Astronomers in India Discover Supercluster of Galaxies, Name It 'Saraswati'

Indian scientists discover Saraswati — one of the most massive large-scale structures in the universe

"We were very surprised to spot this giant wall-like supercluster of galaxies, visible in a large spectroscopic survey of distant galaxies, known as the Sloan Digital Sky Survey", astronomer Somak Raychaudhury, director of the Inter University Centre for Astronomy & Astrophysics in Pune, India, said in a news release. The astronomers have named it Saraswati. The study carried out by these scientist says that the cluster is one of the largest known structures in the neighborhood, 4,000 million light-years away from Earth and roughly more than 10 billion years old. It is made up of at least 43 massive groups and clusters, and contains about 400 galaxies in total, giving it a combined mass 20 million billion times that of our sun.

Extremely large supercluster of galaxies - as big as 20 million billion suns. The findings of these scientists were published in the latest issue of The Astrophysical Journal, the premier research journal of the American Astronomical Society. "These clusters often stretch to numerous hundred times the size of the galaxies clusters and consists of many thousands of galaxies", stated IUCAA. There are thin "filaments" that connect galaxies, forming a cosmic web, and there are large voids in between.

Giving into the fabulous charisma of the build of our existence, they added that when astronomers look far away, they see the universe from long ago, since light takes a while to reach us.

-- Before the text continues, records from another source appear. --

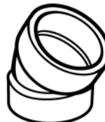
30° Ell S × S 2"
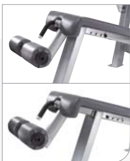
Bench telescopes 6"

Dimensions: 69" W x 66.5" L x 52" H 175.3 W x 168.9 L x 132.1 H cm
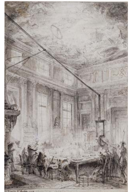
Gabriel Jacques de Saint-Aubin (1724–1780)

The Lesson of the Chemist Sage at the Hôtel des Monnaies , 1779
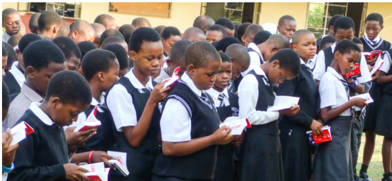
Students reading their Reach4Life bibles in Swaziland

"I finally realized that the devil has been playing with my mind all along and the Holy Spirit has been talking to me about my habits and I finally accepted Jesus into my heart."
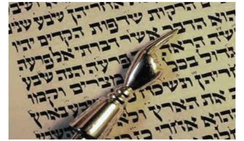
A Torah scroll.

The second law of lust is mystery. Lust is enhanced in darkness and shadows. Ironically, the more the body is covered, the more
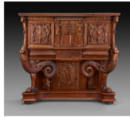
Title: Dressoir Date: ca. 1575, with 19th-century alterations, additions, and restorations Primary Maker: French, probably Lyon Medium: Walnut and beech Dimensions: 63 × 69 5/8 × 22 1/2 in. (160 × 176.8 × 57.2 cm)
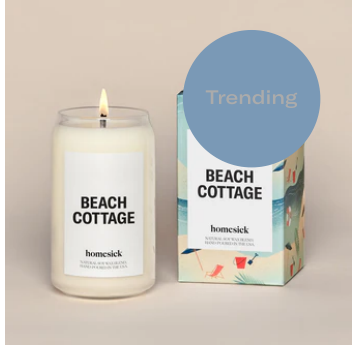
Beach Cottage Candle
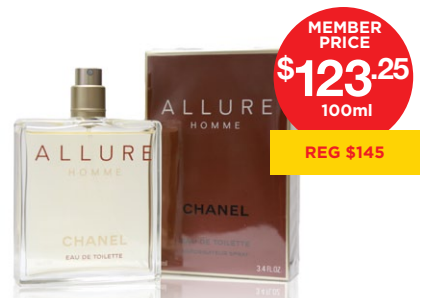
CHANEL Allure Homme EDT 50ml $102 | M $86.70
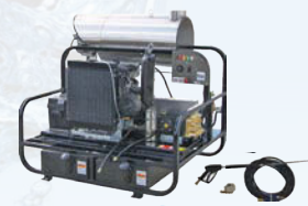
DIESEL HOT WATER
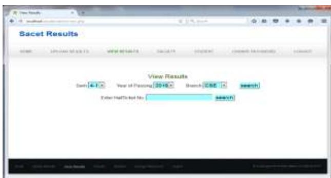
Figure 6: View results page
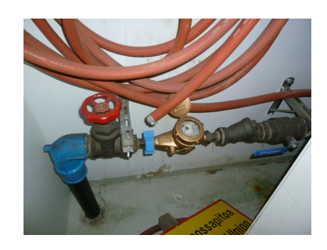
The main water stopcock
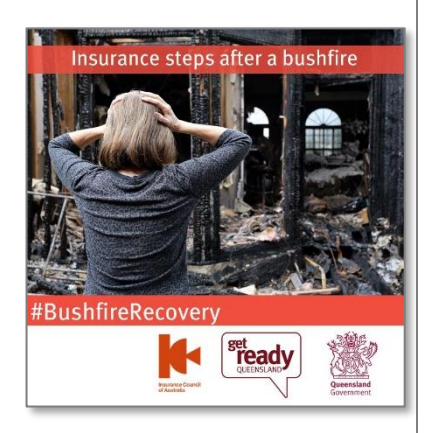
Filename: BushfireRecovery – Insurance steps after a bushfire

#BushfireRecovery #Insurance #GetReadyQueensland
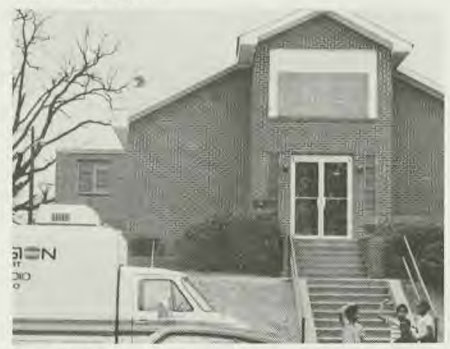
The Philadelphia church in Shreveport, Louisiana.

The ministers and churches cooperated beautifully for this large harvest of souls. We rejoice over the outpouring of the Holy Spirit.
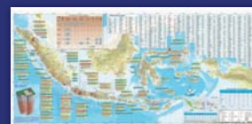
Indonesian Geothermal Map Size: 1812 x 841 mm (A0+); Laminated Release: Sept 2016; Price :US$200
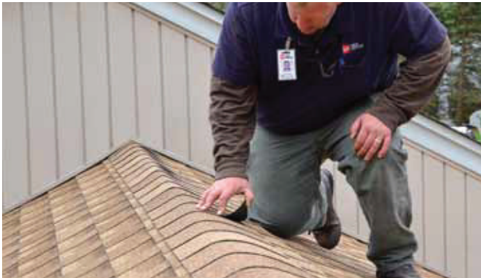
Ensuring ridge cap shingles are fastened properly and to the correct exposure, avoiding shingle blow-off.
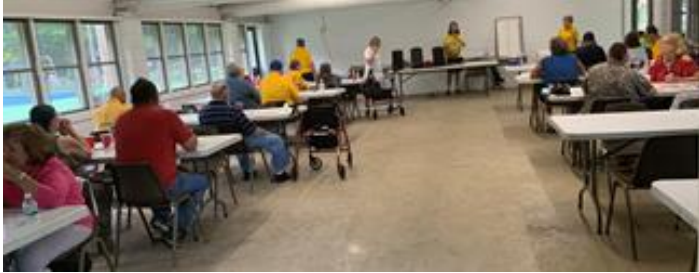
Zionsville Lions Club’s Senior Committee had their 1st Senior Bingo in the Shelter house in Zionsville Lions Park. The committee is finding ways to share Lions Park with seniors in the community.
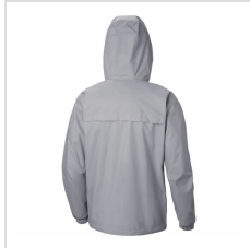
Cool Grey (C2524MO_019)
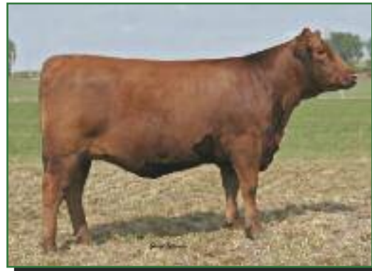
SRN HI DEE 6114 DAUGHTER OF LOT 30

She comes from the high performance cow family as well. It all starts will our 8026 cow and carries through to 1005, but I don't think it will end with 3021. The future is big and bright for this donor and her progeny. If you're searching for the cow to build a program around, you have to find Hi Dee 3021. I know of no cow better!! 108.0 MPPA
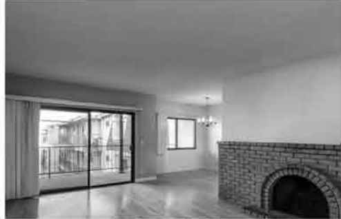
738 Main St. El Segundo #302
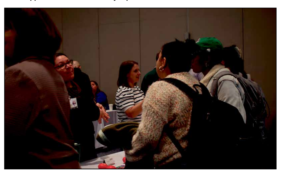
Representatives of medical organizations talking to students and answering their questions.
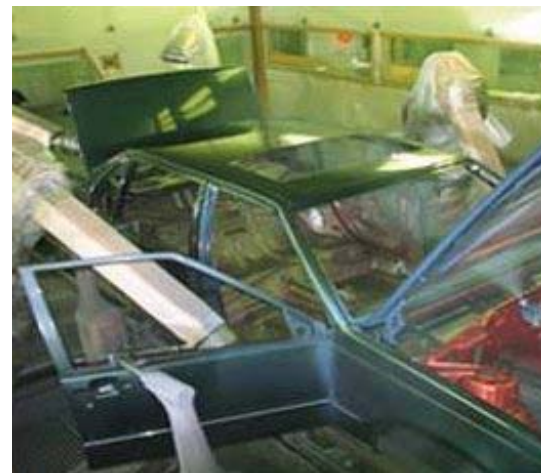
Fig. 5 Robotics processes in automobile production
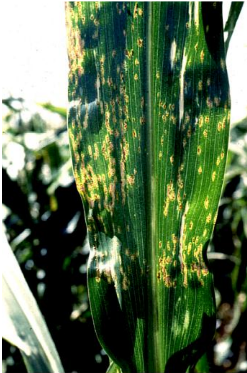
Common rust ( Puccinia sorghi ) on corn.

Damage related to common rust varies widely from year to year. The earlier the infection the more severe the disease is likely to become. Under heavy infestations, such as in 1993, yields can be reduced as much as 50% (28). Common rust affects field corn, seed corn and sweet corn in Michigan.
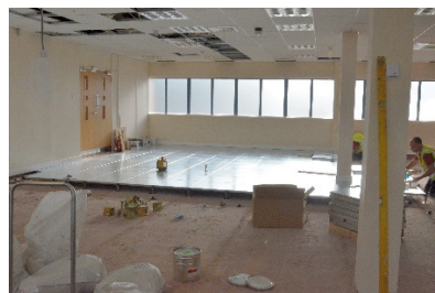
Installation of new heavy duty raised access floor
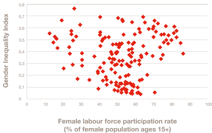
Figure 3. No given link between female labour force participation and gender inequality more broadly
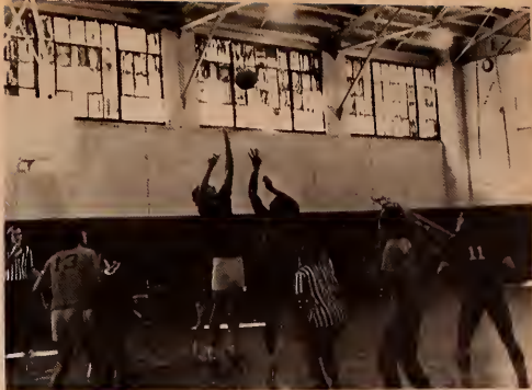
Intramural action in old gym

— Cam Cantrill Dick Greff Sports Editors
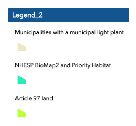
Figure 2: MA EOEEA BioMap2 – Legend for Ineligible Land Use

According the map's legend, Core Habitat and Critical Natural Landscape are referred to as Biomap2. These data layers are combined with Priority Habitat and are identified as the dark green. Any land that parcel whose area is comprised of at least 50% of these designated land types is shown in dark grey. Article 97 land is displayed as a light green.
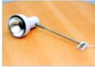
Spot Light (220 v - 75 w)
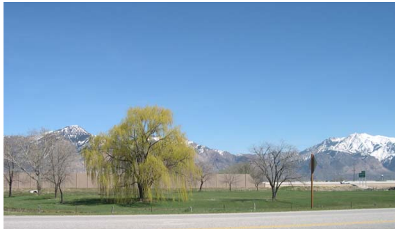
Open land along the City's 2000 West Street

Farr West City has few concerns regarding the current environmental conditions within the City. There are no known environmental hazards in the City's boundaries. There is, however, potential for environmentally related issues to
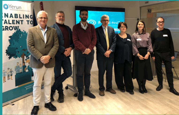
Speakers of the ProcToGo and YERUN even: "Exploring the potential of Micro-credentials"
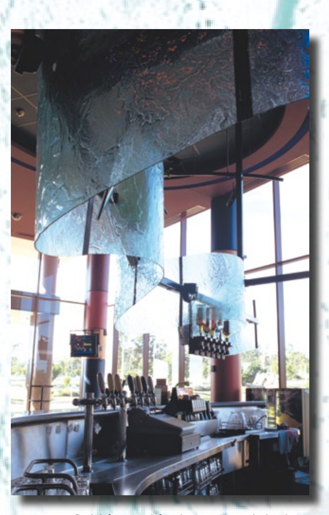
Cold formed feature - Rough texture
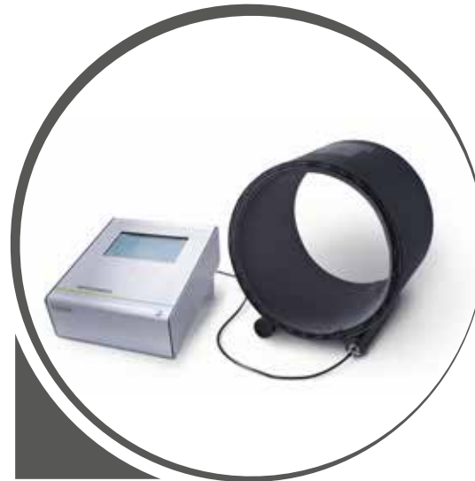
MAG-Expert with coil (Ø 30 cm)

MFC technology focuses the magnetic fields almost entirely on the inside of the cylinder. This avoids unnecessary exposure of the treatment team.
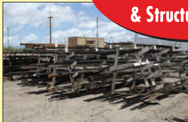
VIEW OF STEEL STOCK
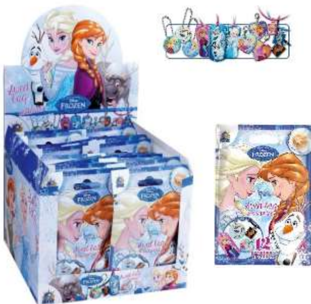
GIFT BAGS FROZEN

The cluster of galaxies, found in the direction of the Pisces constellation, is one of the most massive large-scale structures in the universe.

In a bigger level cosmos, gravity attracts galaxies to come closer and form a cluster while the mysterious dark matter, repulsive in nature, hinders the binding of clusters and accelerates the expansion of the universe.

"This could push astronomers into rethinking about how such large structures form". More commonly known as the Goddess of knowledge in Hindu mythology, Saraswati is also the celestial goddess believed to be the keeper of the celestial rivers.

Joydeep Bagchi from IUCAA, the lead author of the paper and co-author Shishir Sankhyayan (PhD scholar at IISER, Pune) said, "This supercluster is clearly embedded in a large network of cosmic filaments traced by clusters and large voids". The Saraswati supercluster could challenge this premise, because it was formed so early and building such a big structure far back might have been hard. The Milky Way is a part of a local group, which has around 50 galaxies in it.